Thank you for the link!


----------



## yona (Feb 7, 2011)

What pretty swans... enjoyed seeing this.


----------



## dragonswing (Feb 18, 2014)

I have a similiar pattern that I have been meaning to get around to making.


----------



## Noreen (Mar 30, 2011)

thanks for the link, the swans are beautiful


----------



## Ann Heistad (Jan 18, 2012)

That is a stunning doily and looks quite challenging to make. Would love to try this.


----------



## machriste (Jan 26, 2011)

Never have seen anything like them! Absolutely beautiful!!!


----------



## Bambagirl (Mar 14, 2015)

That is the sort of handmade item that would be a very beautiful and much appreciated gift. I've copied the link.
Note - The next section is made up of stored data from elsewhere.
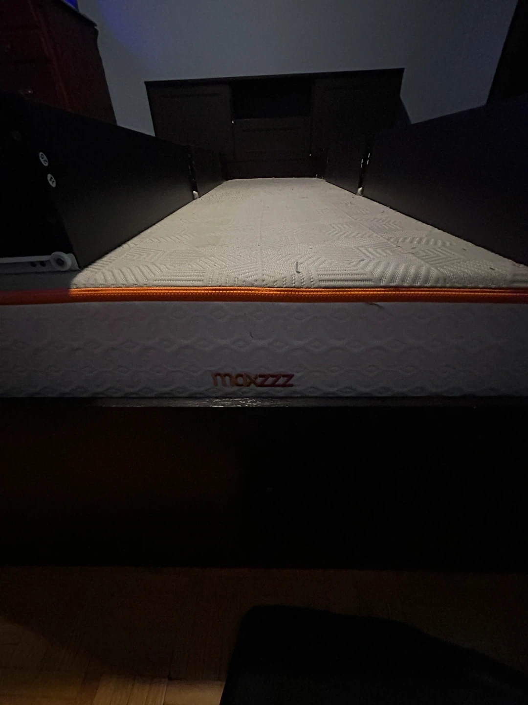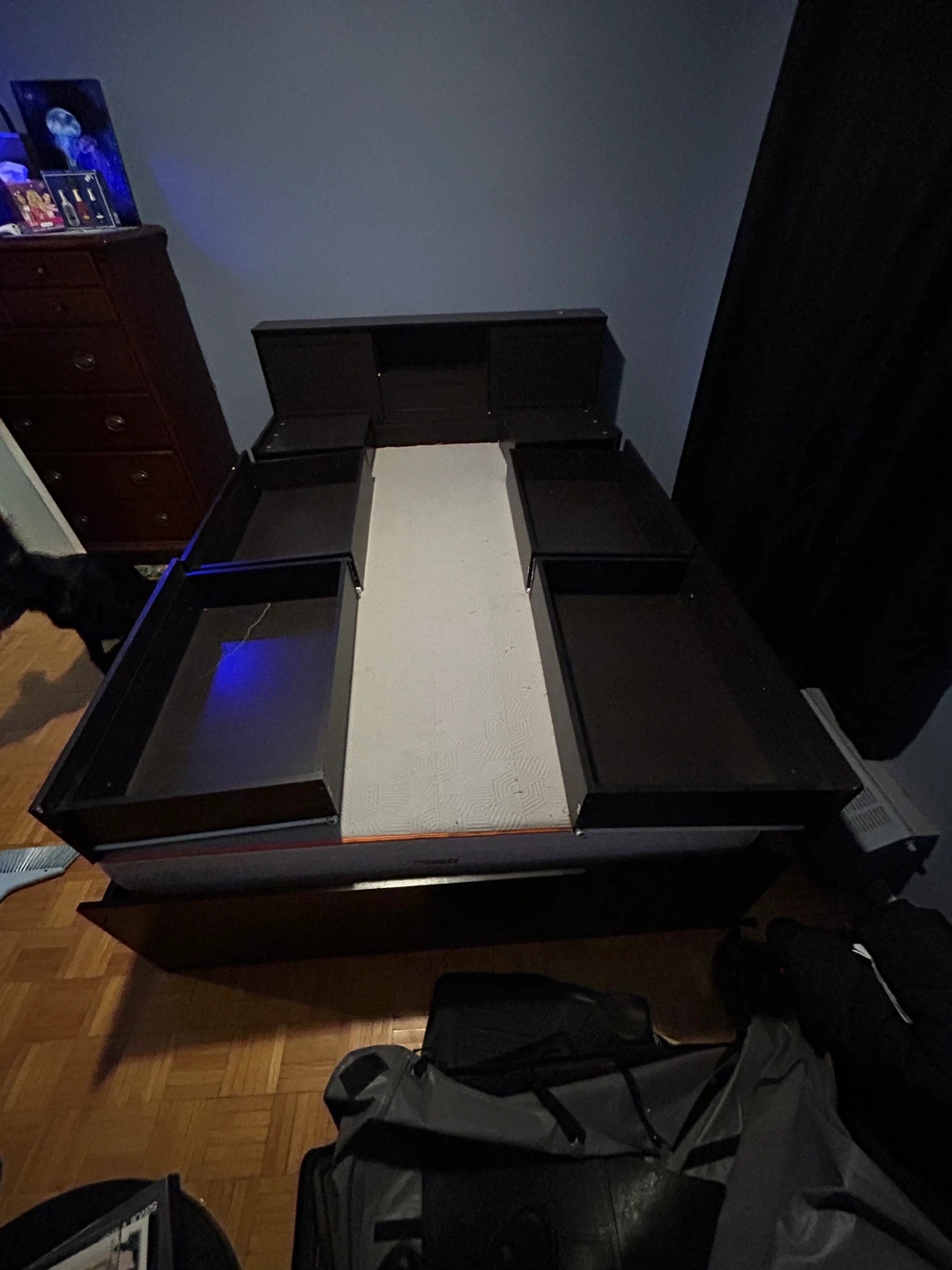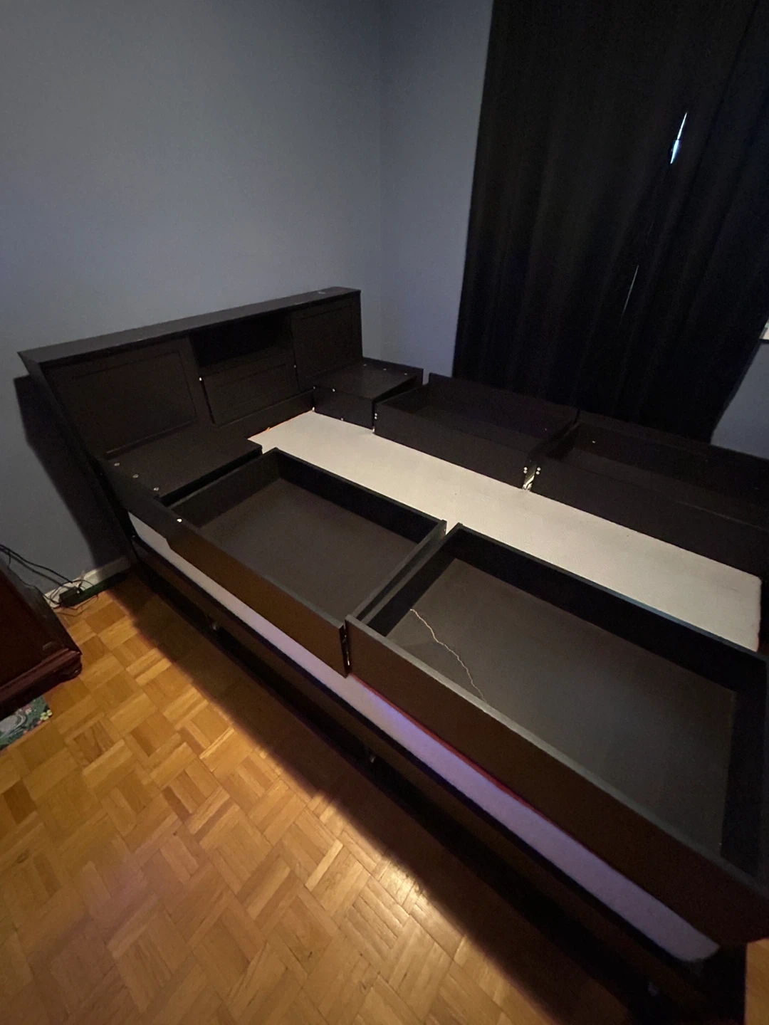 Selling a Maxzzz bed frame with built-in storage. It's a great space saver! The bed frame is in good condition and offers plenty of room to keep your belongings organized and out of sight .its a double
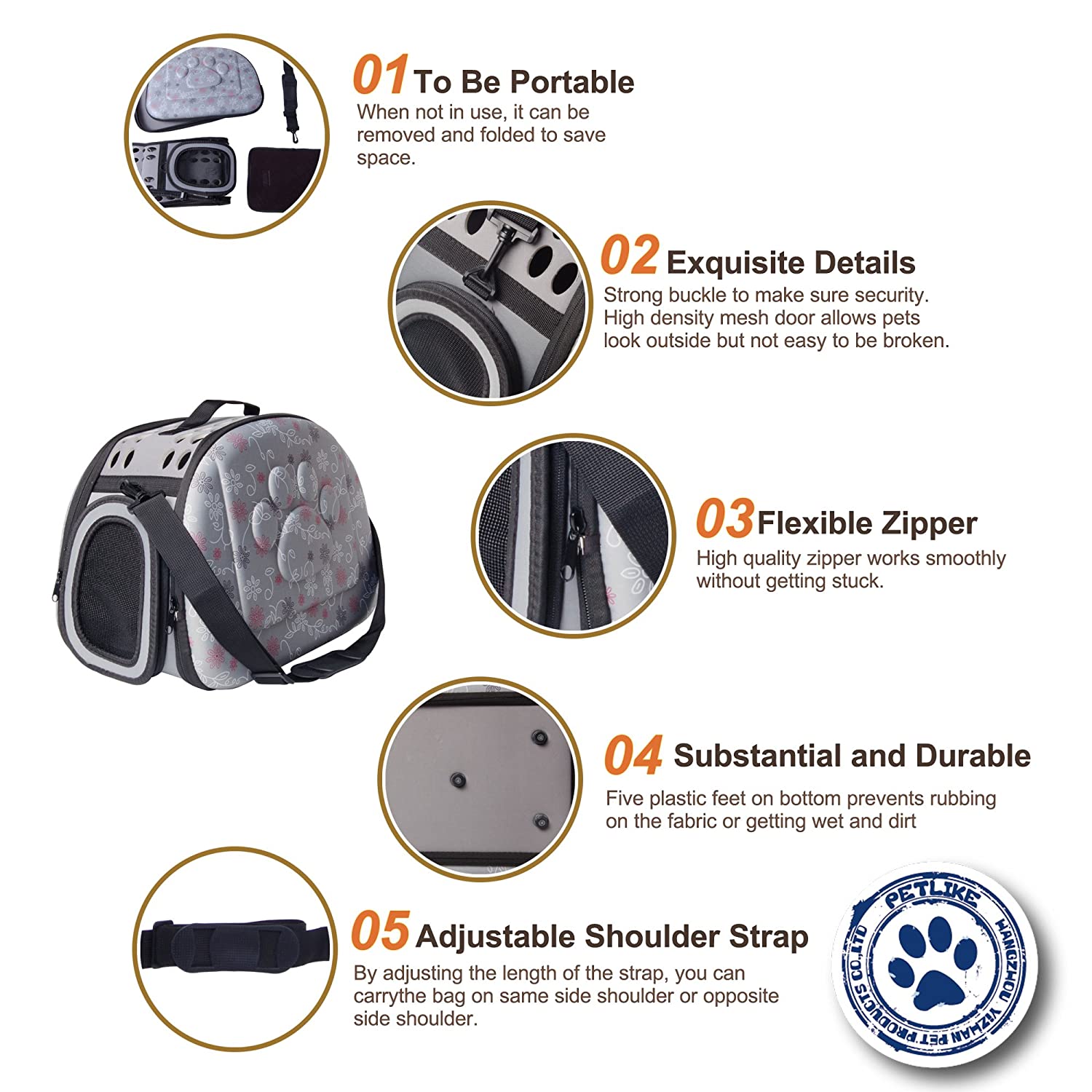 Smarty Pet Foldable Foam Pet Carry Bag Travel Shoulder Handbag
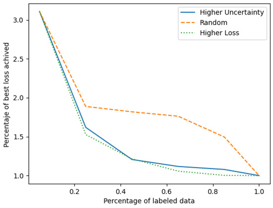 To validate this hypothesis, a series of experiments were conducted. Our initial dataset comprised a randomly selected 5% of the available data. Upon training, the final loss was computed on the test dataset. Thereafter, in increments of 20% of the dataset’s size, new samples were incorporated into the training subset, followed by model retraining. The sample selection process was guided by three distinct strategies: (i) selecting samples with the most pronounced loss (not feasible in realistic scenarios due to the prerequisite of labels to compute the loss), (ii) opting for samples with the highest uncertainty, and (iii) random sample selection. To enhance the robustness of our findings, this procedure was replicated ten times, and the results were averaged to mitigate the influence of outliers and anomalies.
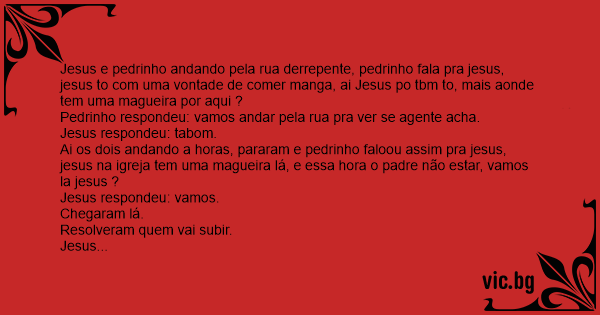 Jesus e pedrinho andando pela rua derrepente, pedrinho fala pra jesus, jesus to com uma vontade de comer manga, ai Jesus po tbm to, mais aonde tem uma magueira por aqui ?
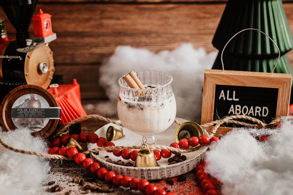 Infusion kit contains: espresso beans, milk chocolate powder, cinnamon stick and a eggnog coffee infused sugar stick.
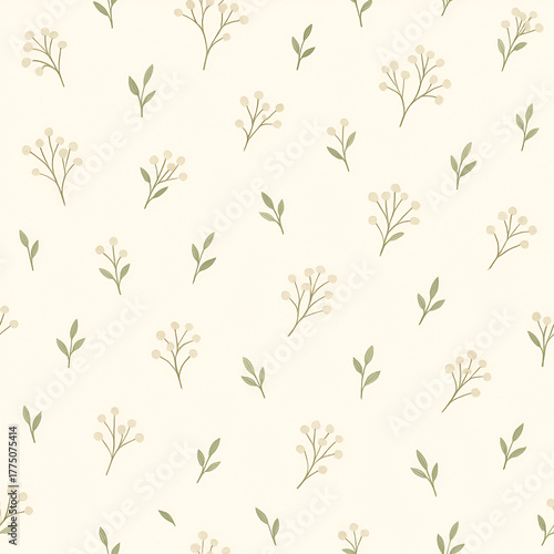 © Littlestar 0816, Fototapeta premium Ditsy floral babys breath seamless pattern background in offwhite nature inspired design
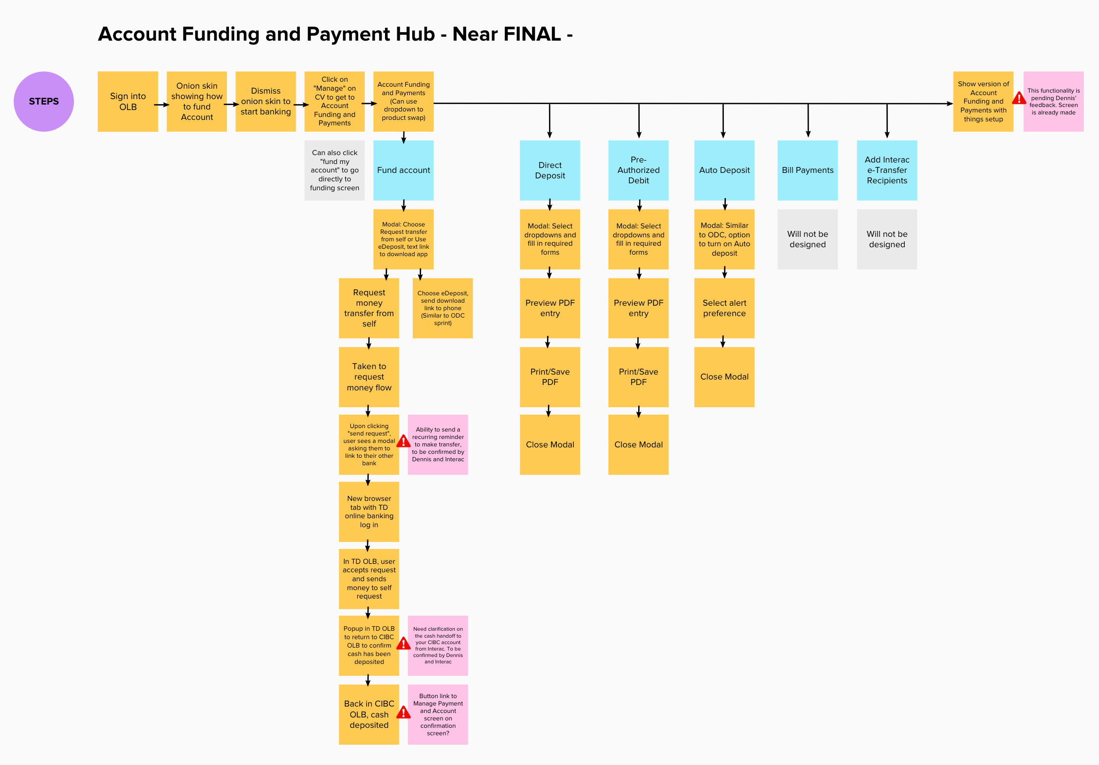 Funding for this experience was obtained fairly easily as there was minimal back end system impacts and it complimented a client onboarding service design initiative taking place in the bank at the time. Over the course of two quarters in 2018, I was brought on as a subject matter expert pertaining to this product feature in an ongoing project to consult and advise the core service design team on how this feature fits into the broader client onboarding journey.
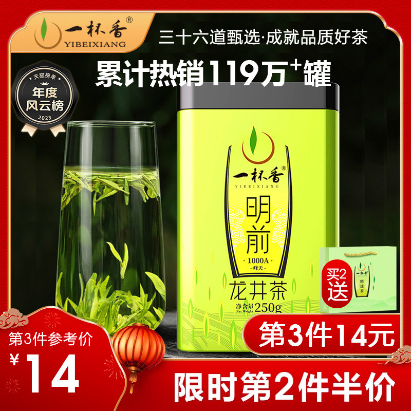 一杯香龙井茶明前茶叶绿茶礼盒自己喝2023新茶官方正品旗舰店
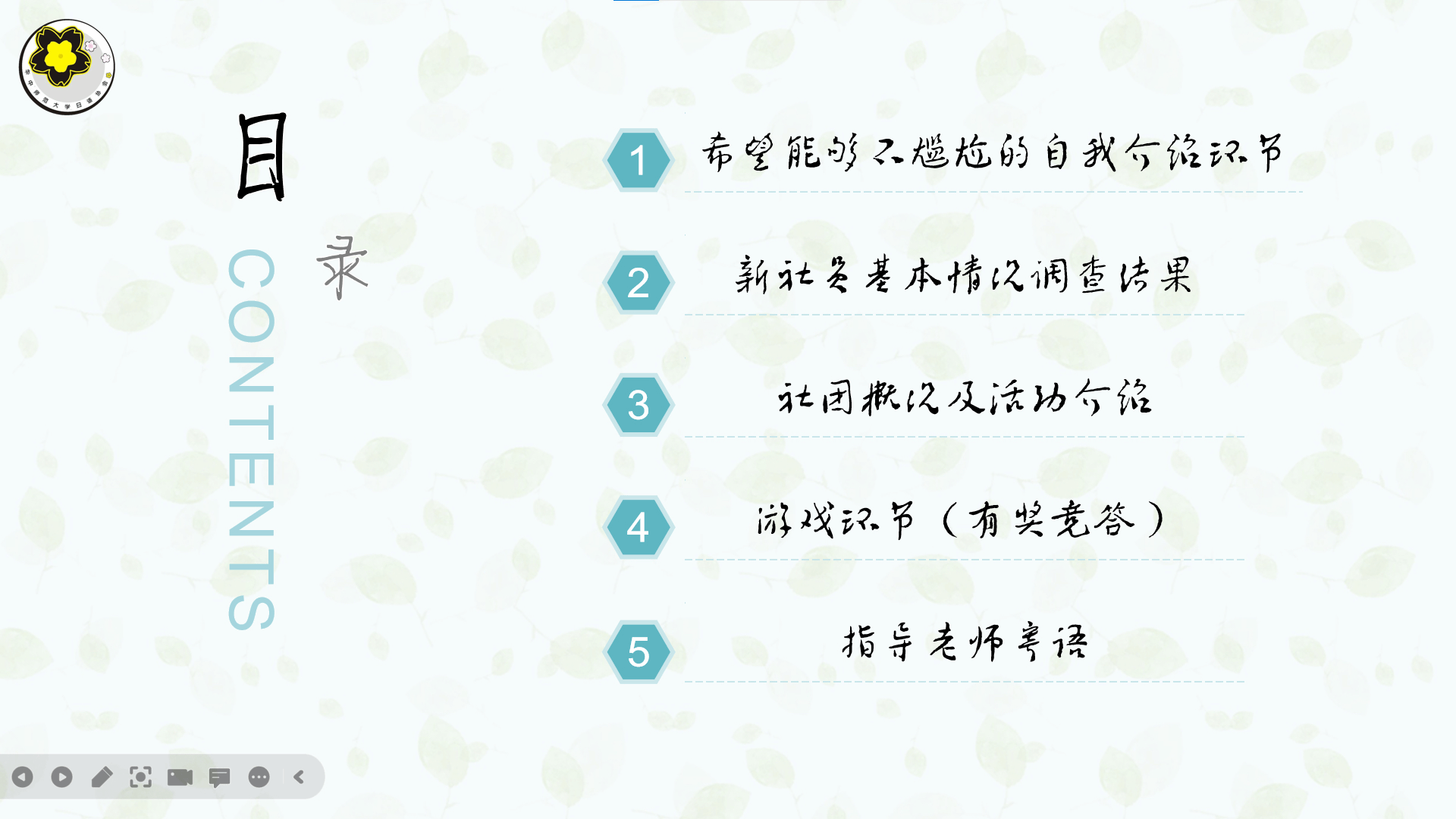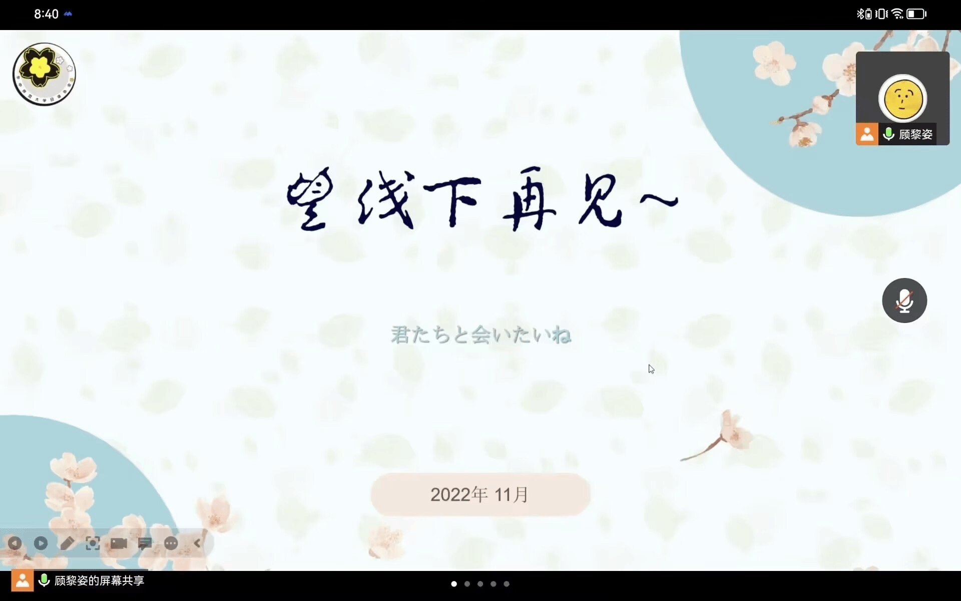 活动最后,顾黎姿播放了协会指导老师金玮婷的视频寄语。金玮婷对新会员们表示欢迎,并表示:“很遗憾不能和大家在线下相见,希望今后我们还可以在各类的活动中有更多的互动。”金玮婷分享了自己对于日语及日本的看法,认为日语是一门有意思的语言,日本也是一个具有多重性和多面性的有趣的国家。金玮婷希望全体会员能够在日协体验到学习日语的乐趣、结识志同道合的朋友,并期待日后与会员们在线下相见。
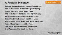 When first Alexis did in Verse delight, <br />His Muse in Low, but Graceful Numbers walk't, <br />And now and then a little Proudly stalk't; <br />But never aim'd at any noble Flight: <br />The Herds, the Groves, the gentle purling Streams, <br />Adorn'd his Song, and were his highest Theams. <br /> <br />But Love these Thoughts, like Mists, did soon disperse, <br />Enlarg'd his Fancy, and set free his Muse, <br />Biding him more Illustrious Subjects choose; <br />The Acts of Gods, and God-like Men rehearse. <br />From thence new Raptures did his Breast inspire, <br />His scarce Warm-Heart converted was to Fire. <br /> <br />Th' exalted Poet rais'd by this new Flame, <br />With Vigor flys, where late he crept along, <br />And Acts Divine, in a Diviner Song, <br />Commits to the eternal Trompe of Fame. <br />And thus Alexis does prove Love to be, <br />As the Worlds Soul, the Soul of Poetry.<br /><br />Anne Killigrew<br /><br />http://www.poemhunter.com/poem/love-the-soul-of-poetry-2/
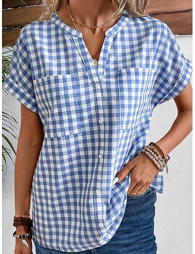 Femmes Chemise Chemisier Avec Poches Boutons Plaid ancien Élégant Classique Sans manches Manche Courte Col en V Hauts Réguliers Quotidien Fête Sortir Bleu Été Printemps
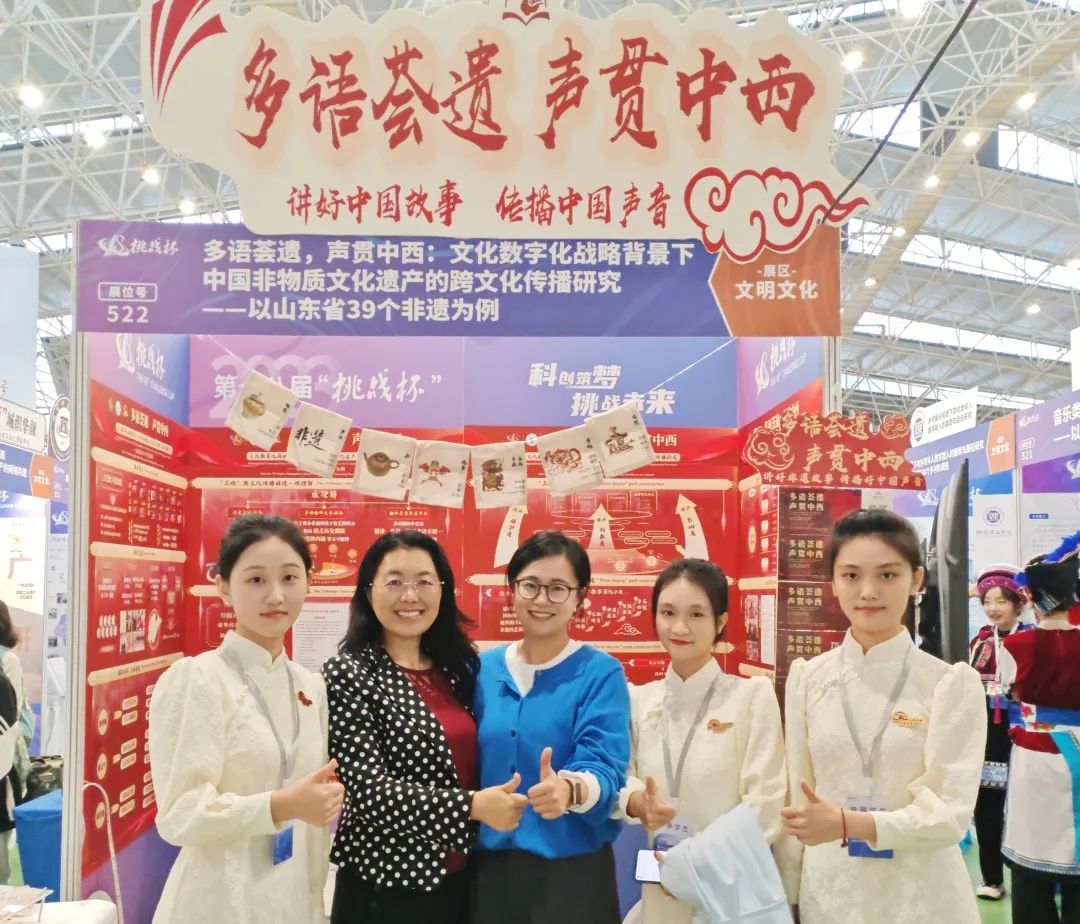 “文化自信是一个国家、一个民族发展中最基本、最深沉、最持久的力量。”国家越来越重视文化传承与传播,致力对外讲好中国故事。作为一名外国语学院的学生,孙梦迪学以致用,基于当前国家背景,以她作为项目第一负责人的《多语荟遗 声贯中西:文化数字化战略背景下中国非物质文化遗产的跨文化传播研究——以山东省39个非遗为例》项目团队积极响应国家号召,基于文化数字化战略背景,以拉斯韦尔传播模式为理论依据,聚焦当下我国非遗对外传播过程中国际友人听不懂、看不懂、记不牢等问题,先后组建36支调研团队历时两年半,前往13个地级市、41个单位,考察调研了39项国家级和省级非物质文化遗产。团队从提升保护度、创新度、影响度三方面入手,进行非遗对外传播的“三度”路径构建,与20所国内外高校共建26门实践课程,组建的翻译宣讲团完成了多语翻译文本约10万字、构建起25万余字的多语语料库,设计39项非遗的多语数字化展示模型、H5介绍页面和多样的非遗游戏,在国外购物平台上出售非遗文创,用外语讲好非遗故事,推动中华优秀传统文化走向世界舞台。
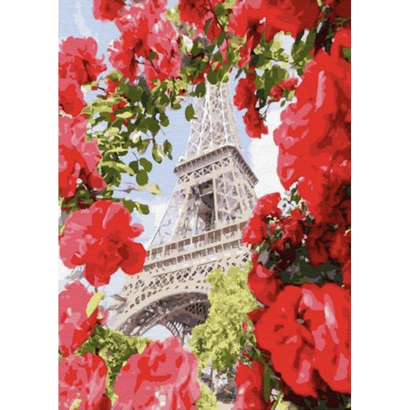 Алмазна мозаїка Strateg ПРЕМІУМ Ейфелева вежа серед троянд без підрамника розміром 30х40 см (GD86102)

Don't know if I'll ever be good enough at crochet to make this but it's gorgeous!


----------



## curlyq (Apr 26, 2013)

How unique, and beautiful!


----------



## tat'sgran (Dec 13, 2011)

Amazing work..brings tears to my eyes as I remember the beautiful ones my late mother made.. thank goodness I have a stash of them in my possession.. xo ws


----------



## diobsession (Jun 29, 2011)

Thank you for sharing. Although I don't usually like doileys I looked anyway and I am soi happy that I did. I found a beautiful butterfly to make and the Mittedbaby sweater is very interesting.


----------



## imashelefrat (May 16, 2013)

Thank you so much for a treasure of patterns to look at and perhaps to make.


----------



## BobzMum (Nov 10, 2012)

:thumbup: :thumbup:


----------